**Task instructions**
Please make sure what you return matches the listing below exactly, minus its pictures.

**Source material**
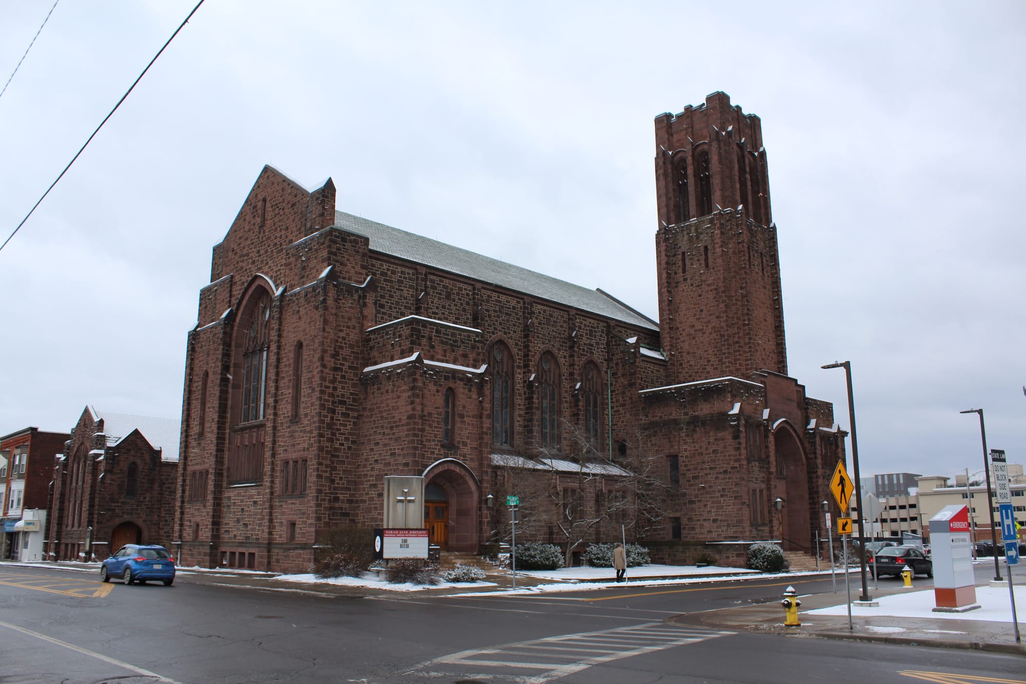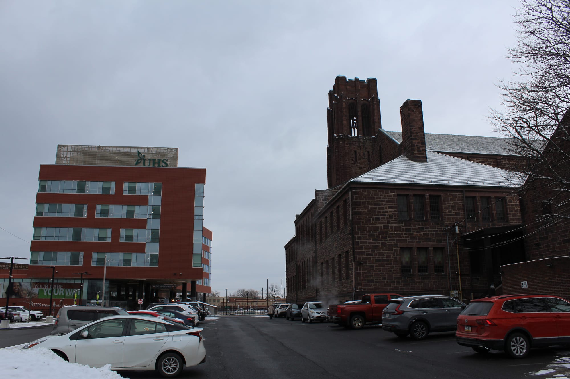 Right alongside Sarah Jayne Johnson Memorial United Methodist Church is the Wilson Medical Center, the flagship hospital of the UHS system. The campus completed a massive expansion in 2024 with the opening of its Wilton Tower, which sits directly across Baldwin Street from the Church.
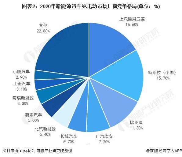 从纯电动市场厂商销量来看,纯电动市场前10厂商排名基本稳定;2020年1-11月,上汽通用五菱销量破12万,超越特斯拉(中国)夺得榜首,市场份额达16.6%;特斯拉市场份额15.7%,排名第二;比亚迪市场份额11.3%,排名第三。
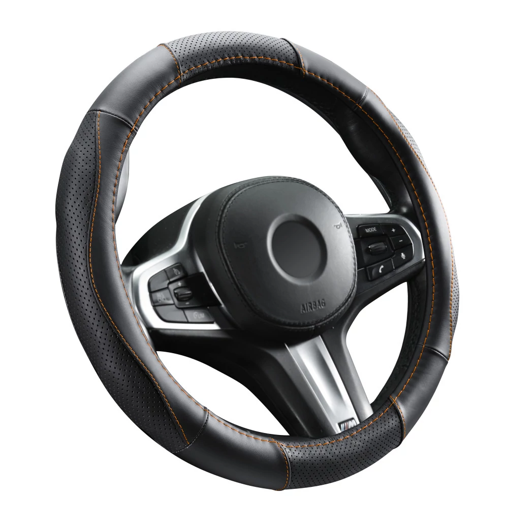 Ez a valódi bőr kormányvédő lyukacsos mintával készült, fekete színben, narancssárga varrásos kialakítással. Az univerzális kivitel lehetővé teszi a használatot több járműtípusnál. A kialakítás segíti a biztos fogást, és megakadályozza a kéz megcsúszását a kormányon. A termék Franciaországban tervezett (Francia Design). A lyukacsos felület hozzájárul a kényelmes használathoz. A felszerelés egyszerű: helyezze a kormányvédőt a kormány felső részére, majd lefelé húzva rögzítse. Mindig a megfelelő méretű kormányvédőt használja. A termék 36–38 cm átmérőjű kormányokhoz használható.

**Task result**
 Right alongside Sarah Jayne Johnson Memorial United Methodist Church is the Wilson Medical Center, the flagship hospital of the UHS system. The campus completed a massive expansion in 2024 with the opening of its Wilton Tower, which sits directly across Baldwin Street from the Church.
 从纯电动市场厂商销量来看,纯电动市场前10厂商排名基本稳定;2020年1-11月,上汽通用五菱销量破12万,超越特斯拉(中国)夺得榜首,市场份额达16.6%;特斯拉市场份额15.7%,排名第二;比亚迪市场份额11.3%,排名第三。
 Ez a valódi bőr kormányvédő lyukacsos mintával készült, fekete színben, narancssárga varrásos kialakítással. Az univerzális kivitel lehetővé teszi a használatot több járműtípusnál. A kialakítás segíti a biztos fogást, és megakadályozza a kéz megcsúszását a kormányon. A termék Franciaországban tervezett (Francia Design). A lyukacsos felület hozzájárul a kényelmes használathoz. A felszerelés egyszerű: helyezze a kormányvédőt a kormány felső részére, majd lefelé húzva rögzítse. Mindig a megfelelő méretű kormányvédőt használja. A termék 36–38 cm átmérőjű kormányokhoz használható.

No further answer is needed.